▶ YOUR OBJECTIVE
Exactly retype the opening line of the entries and every line after it, ending with the line that contains "Guanti da moto". Skip all pictures.

[Stored entries]
......
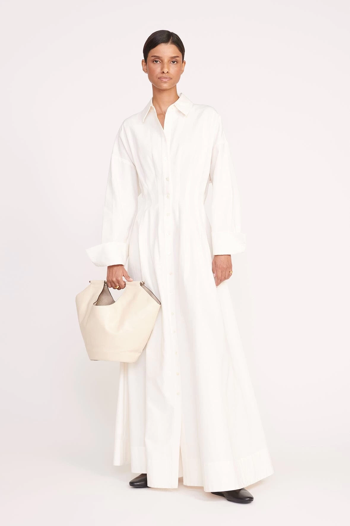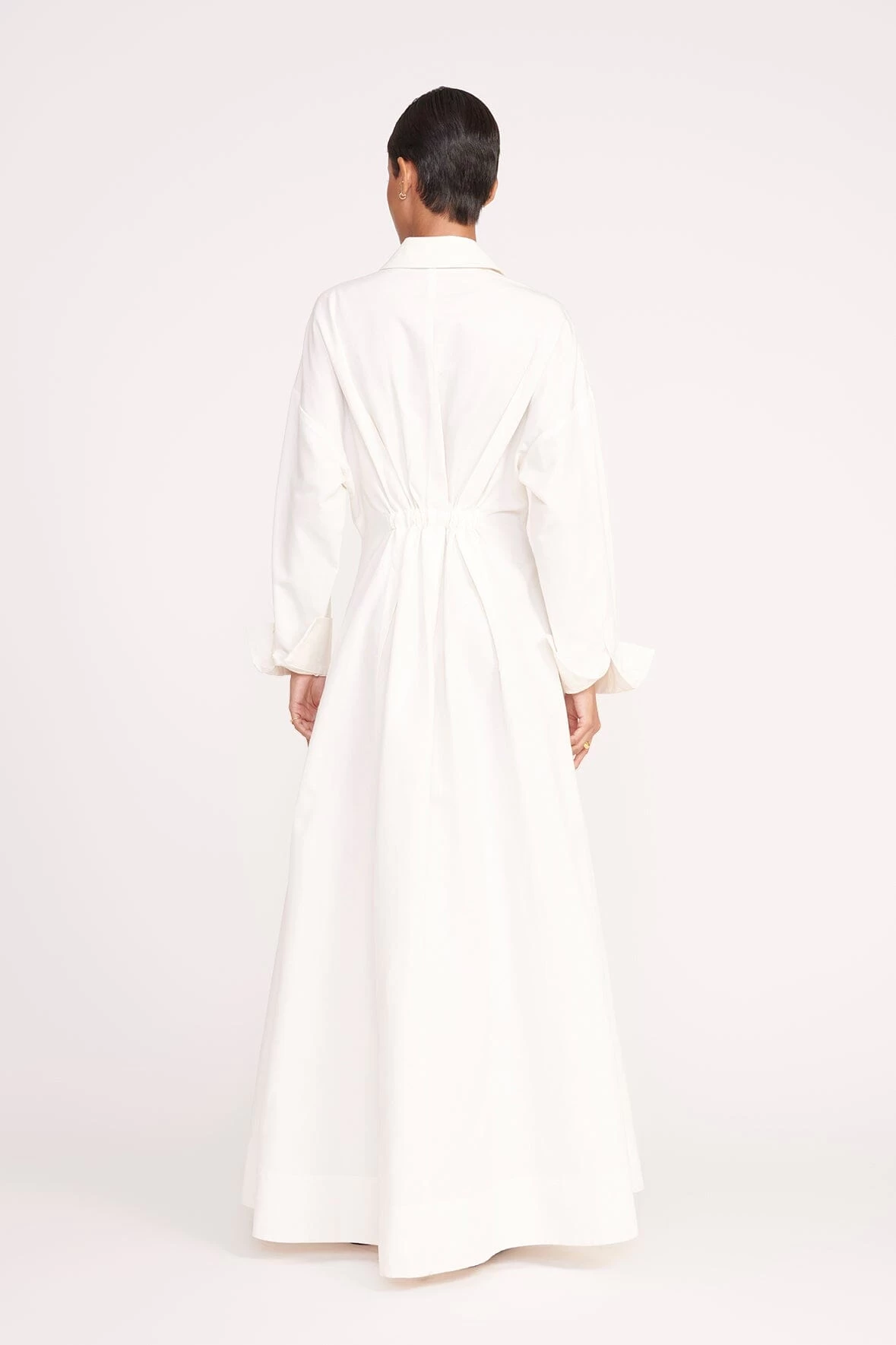 A chic button-up dress with a collar and oversized cuffs that can be worn buttoned or rolled up for an exaggerated look; The Winona Dress features a cinched waist with a comfortable elastic waistband at the back and is crafted in grosgrain.
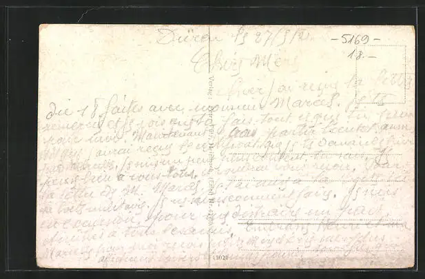 Personenbezogene Daten auf der Rückseite der Karte wurden durch blauen Textmarker unkenntlich gemacht. Die blauen Stellen sind auf die Vorderseite durchgeweicht und wirken sich negativ auf das Postkartenfoto aus
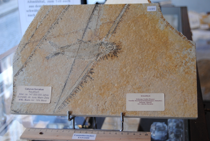 Schnellfisch Caturus furcatus, Alter ca. 147 Mio Jahre, Fundort: Eichstätt, ob. Jura, Malm Zeta, Plattenhöhe ca. 20 cm, Länge Fisch selbst ca. 12 cm
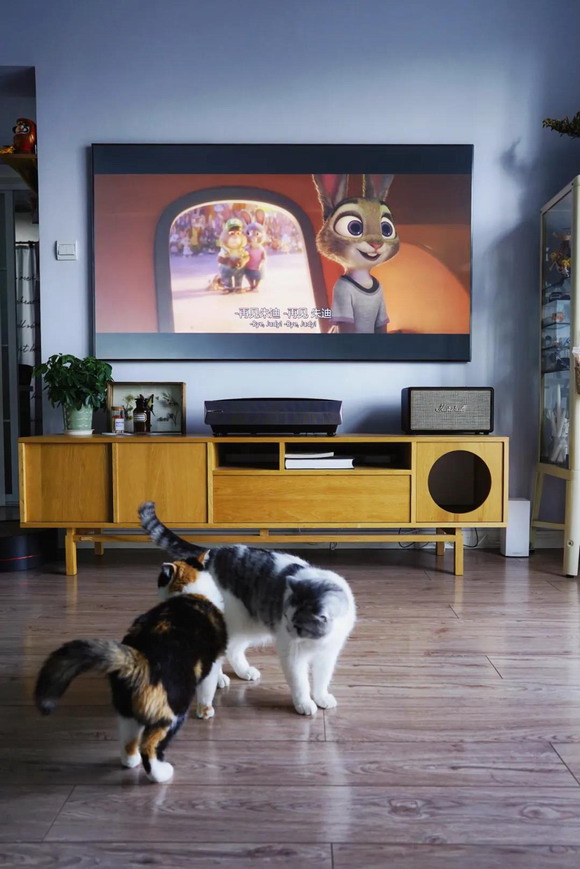 由于它屏幕是沒有電路的,所以非常薄,比我想象當中存在感弱很多。原本以為有一塊屏幕,在視覺上會擠壓空間,但實際上并沒有!屏幕比電視柜靠墻的距離還要薄~屏幕的作用是抗光,可以增強在強光環境下的投影效果。
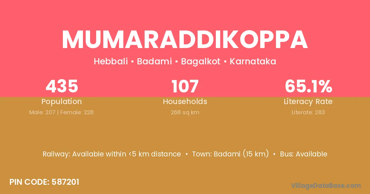 Mumaraddikoppa village has a total population of 435 people, of which 207 are males and 228 are females.
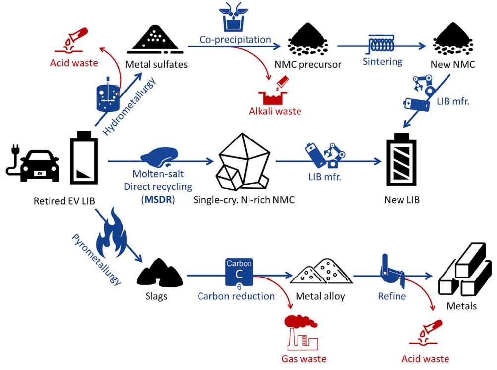 图1. 火法回收、湿法回收、熔融盐直接回收法(本工作)流程比较示意图
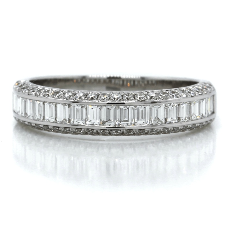 14k white gold 3 row band with channel set center row with baguette diamonds and pave set edges with round diamonds.
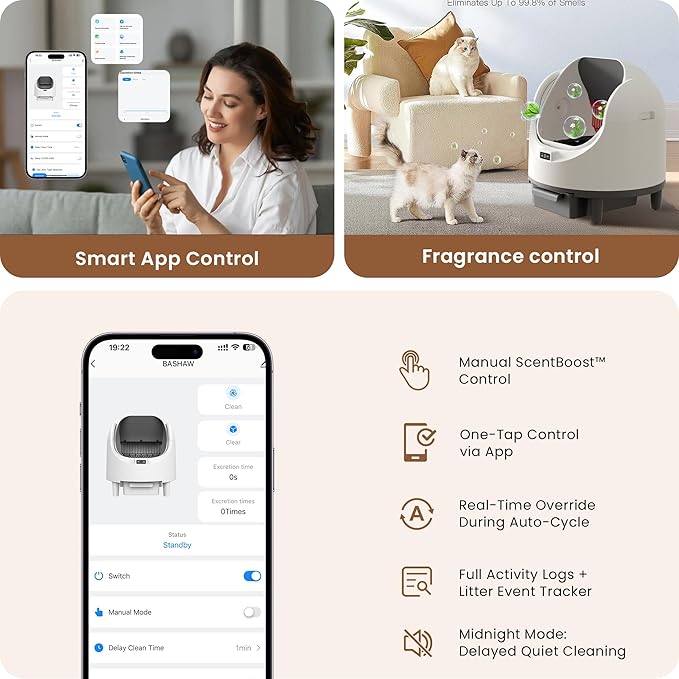 Bashaw Self Cleaning Litter Box, Automatic Cat Litter Box for Multiple Cats, App Control with Safety Sensors, Open Top, Includes Scent Cartridge, Litter Mat & 2 Roll Garbage Bags (White)
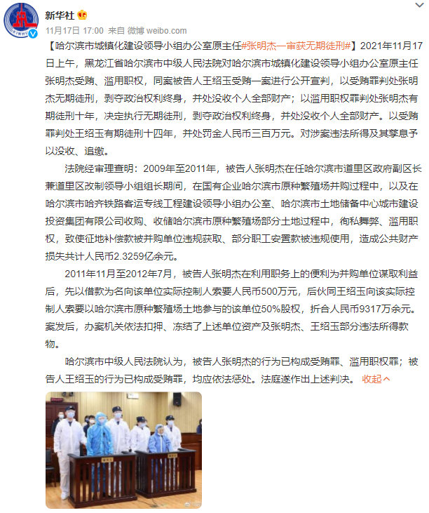 昨天下午,新华社发文张明杰因受贿、滥用职权罪一审获无期徒刑。
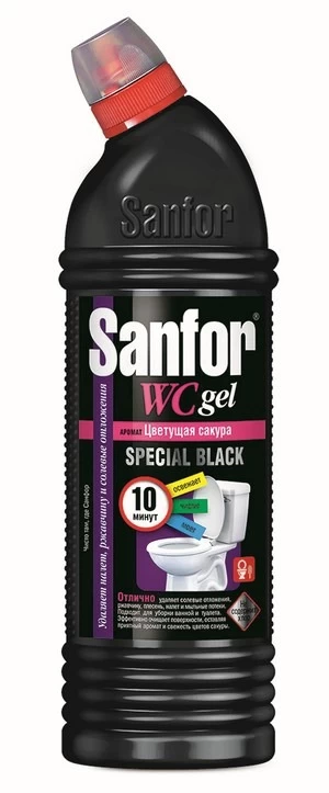Sanfor WC Gel Special Black Ultra Strength face față perfect murdăriei dificile din baie și toaletă. Potrivit pentru curățarea și dezinfectarea toaletelor pentru animale de companie.
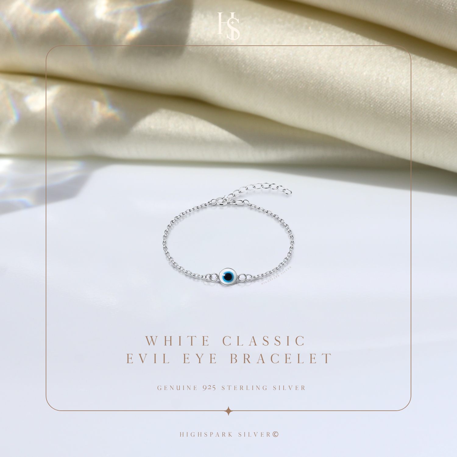 White Classis Evil Eye Bracelet In 925 Sterling Silver For Women
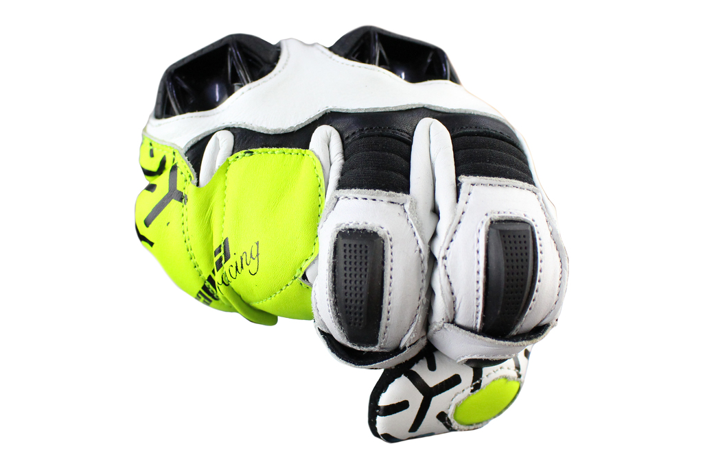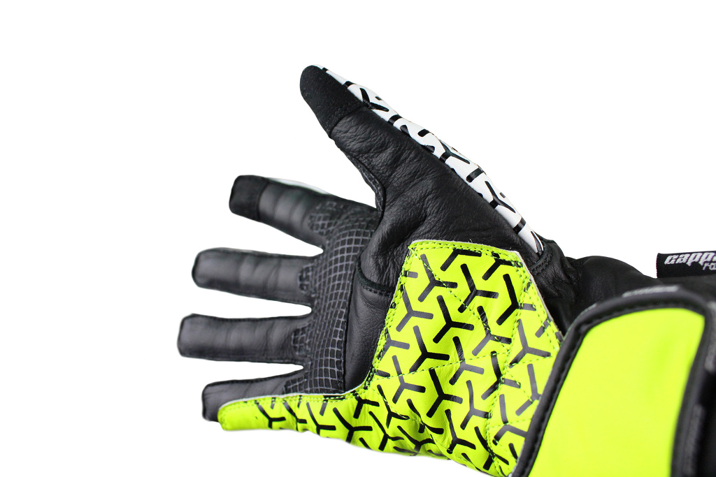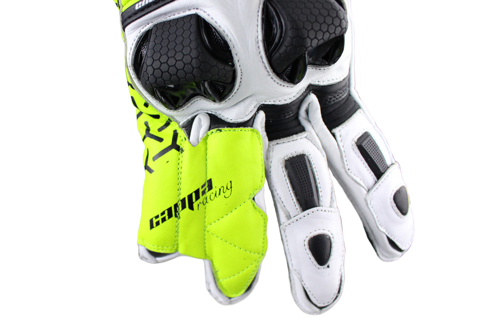 Guanti da moto lunghi TANAKA realizzati in pelle. Con protezioni dure e morbide e con i rinforzi sui polsi e le dita.
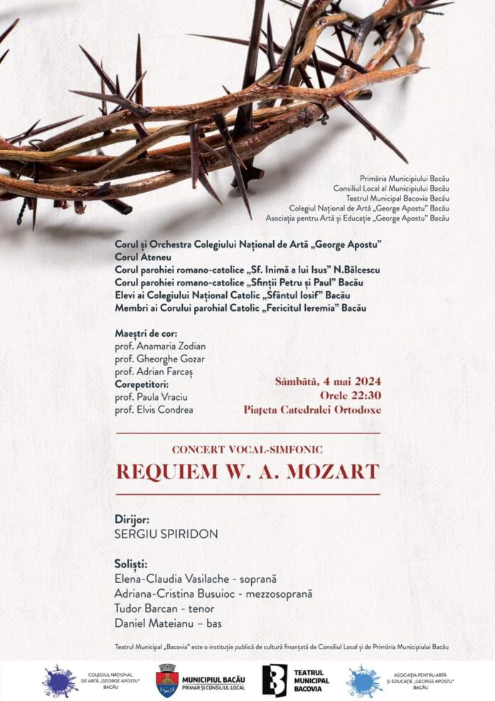 În seara de Înviere, elevii talentați de la Colegiul Național de Artă „George Apostu” din Bacău au invitat comunitatea locală la un eveniment deosebit: un concert vocal-simfonic al celebrului Requiem, compus de Wolfgang Amadeus Mozart.
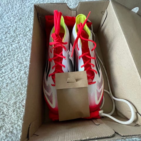 Adidas F50 Pro FG fotbollsskor för spel på naturgräs (firm ground). Skorna har en blå flerfärgad ovandel med snörning och dobbar anpassade för fasta underlag. Storlek EU 41 1/3 (US 8, UK 7,5). Levereras i originalkartong enligt bilderna. Helt nya och orörda, kartongen lite skador på men inga farliga. Kan diskutera pris!
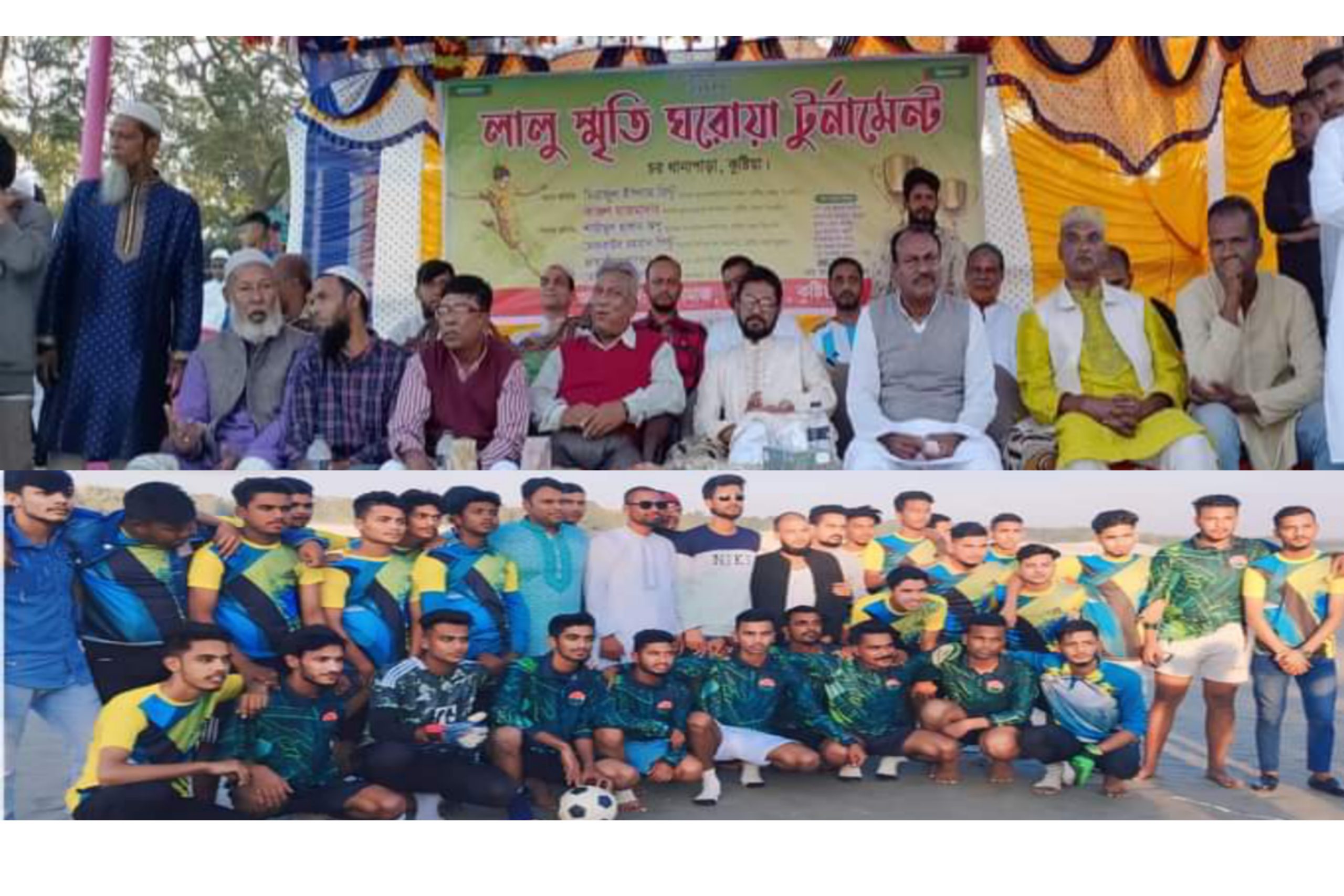 কুষ্টিয়া জেলা বিএনপি’র সাবেক যুগ্ম-সাধারণ সম্পাদক কাজল মাজমাদারের নেতৃত্বে মরহুম বীর মুক্তিযোদ্ধা মোহাম্মদ আলী খাঁন লালুর স্মৃতির স্মরণে থানাপাড়া যুব-সমাজের আয়োজনে লালু স্মৃতি ঘরোয়া এক ফুটবল টুর্নামেন্টের শুভ উদ্বোধন হয়েছে।
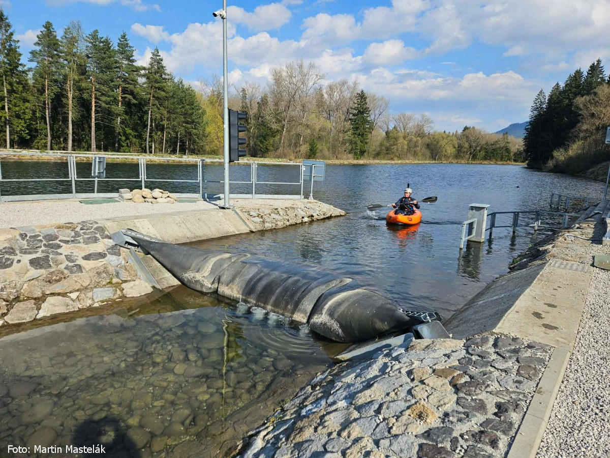 jez (stupeň)!! a následuje za 100 m jez přenést vpravo slalomová trať vlevo, 1,1 km (GPS: 49.0706097,19.6264608) |
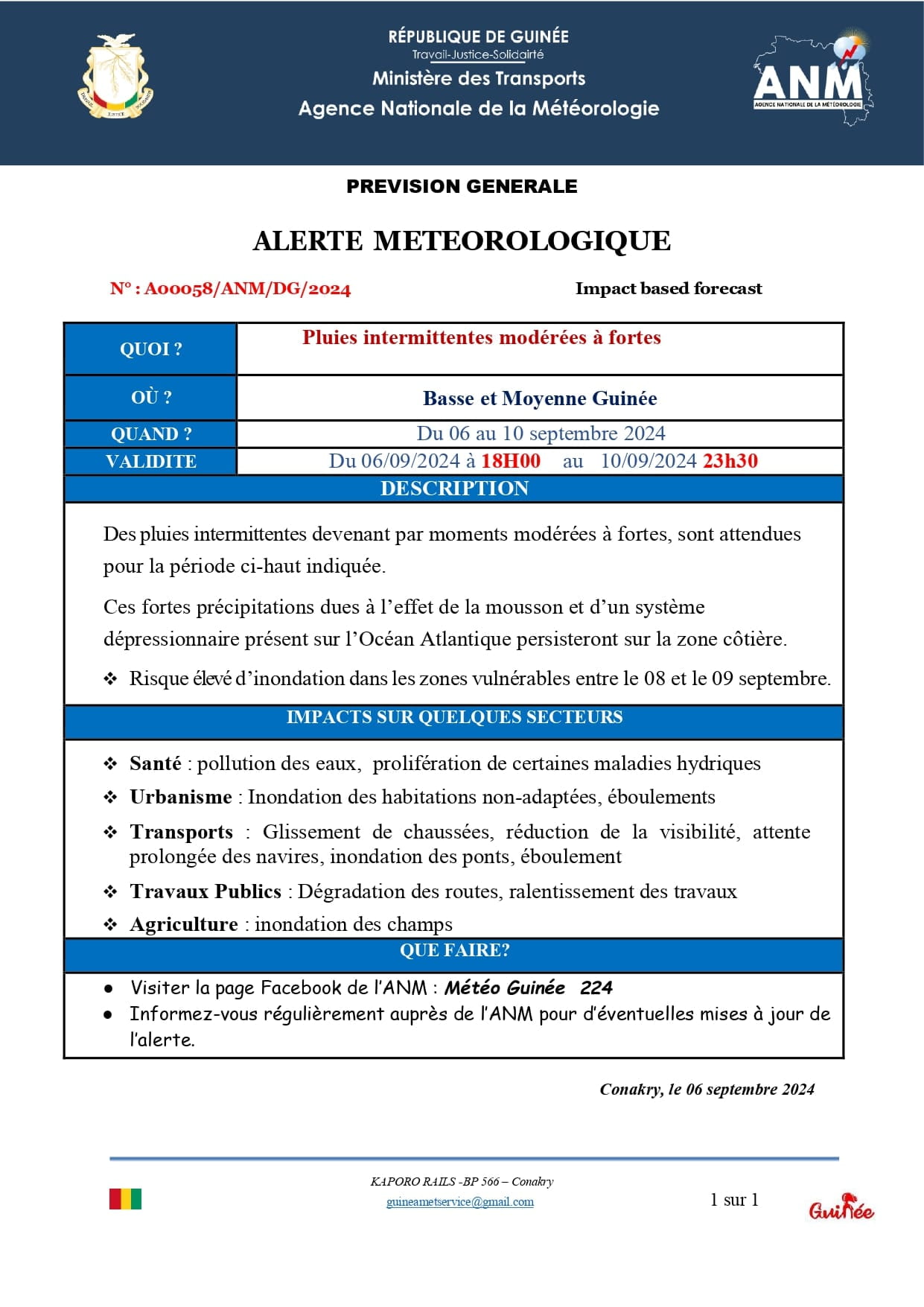 Alerte Météorologique : Risque élevé d’inondations en Basse et Moyenne Guinée du 6 au 10 septembre (ANM) !!!
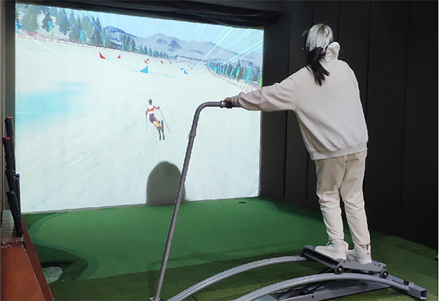 乐动单板滑雪模拟系统基于与滑雪单板近似的单板训练台开发,用户通过操控单板训练台的方向和角度来控制虚拟雪场中单板滑雪的方向和角度。
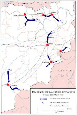 Na początku listopada 2001 przeciwko talibom użyto bomby konwencjonalnej BLU-82 oraz samolotów szturmowych Lockheed AC-130. 2 listopada 2001 defensywa talibska została zniszczona, co umożliwiło wojskom Sojuszu Północnego marsz na Kabul. Podczas gdy zdobywano Mazar-i-Szarif na północy kraju i odcinano drogę do stolicy, ekstremiści z Al-Ka’idy brali odpowiedzialność za ochronę afgańskich miast pod administracją talibską, co ukazało brak stabilności rządu talibów. W czasie kiedy Sojusz Północny zdobywał kontrolę nad kolejnymi miastami, USA czyniło starania na rzecz odnalezienia Usamy ibn Ladina.
......
▶ YOUR SOLUTION
 A chic button-up dress with a collar and oversized cuffs that can be worn buttoned or rolled up for an exaggerated look; The Winona Dress features a cinched waist with a comfortable elastic waistband at the back and is crafted in grosgrain.
 Personenbezogene Daten auf der Rückseite der Karte wurden durch blauen Textmarker unkenntlich gemacht. Die blauen Stellen sind auf die Vorderseite durchgeweicht und wirken sich negativ auf das Postkartenfoto aus
 Schnellfisch Caturus furcatus, Alter ca. 147 Mio Jahre, Fundort: Eichstätt, ob. Jura, Malm Zeta, Plattenhöhe ca. 20 cm, Länge Fisch selbst ca. 12 cm
 由于它屏幕是沒有電路的,所以非常薄,比我想象當中存在感弱很多。原本以為有一塊屏幕,在視覺上會擠壓空間,但實際上并沒有!屏幕比電視柜靠墻的距離還要薄~屏幕的作用是抗光,可以增強在強光環境下的投影效果。
 Mumaraddikoppa village has a total population of 435 people, of which 207 are males and 228 are females.
 图1. 火法回收、湿法回收、熔融盐直接回收法(本工作)流程比较示意图
 14k white gold 3 row band with channel set center row with baguette diamonds and pave set edges with round diamonds.
 Bashaw Self Cleaning Litter Box, Automatic Cat Litter Box for Multiple Cats, App Control with Safety Sensors, Open Top, Includes Scent Cartridge, Litter Mat & 2 Roll Garbage Bags (White)
 昨天下午,新华社发文张明杰因受贿、滥用职权罪一审获无期徒刑。
Sanfor WC Gel Special Black Ultra Strength face față perfect murdăriei dificile din baie și toaletă. Potrivit pentru curățarea și dezinfectarea toaletelor pentru animale de companie.
 White Classis Evil Eye Bracelet In 925 Sterling Silver For Women
 Guanti da moto lunghi TANAKA realizzati in pelle. Con protezioni dure e morbide e con i rinforzi sui polsi e le dita.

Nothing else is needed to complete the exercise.